[WORK TASK]: Leaving out all pictures, repeat exactly the lines from the one that holds "Total area: approx." to the last line of the entries below.

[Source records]
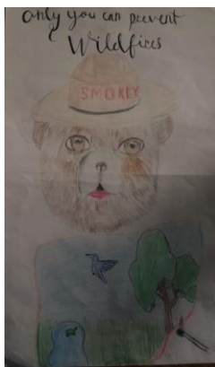
Jude Imlay, 5 th
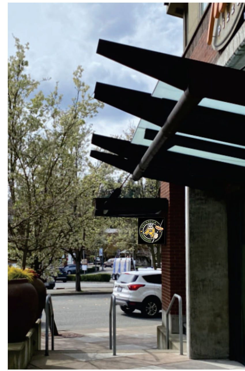
PROPOSED SIGN B
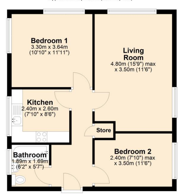
Ground Floor Approx. 55.3 sq. metres (595.7 sq. feet)

Total area: approx. 55.3 sq. metres (595.7 sq. feet)
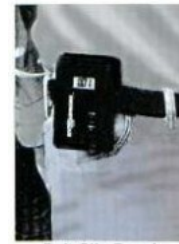
Belt Clip Pouch

Easily clip the A-21ZX onto your belt for instant ozone sensing.

[TASK RESULT]:
Total area: approx. 55.3 sq. metres (595.7 sq. feet)
Belt Clip Pouch

Easily clip the A-21ZX onto your belt for instant ozone sensing.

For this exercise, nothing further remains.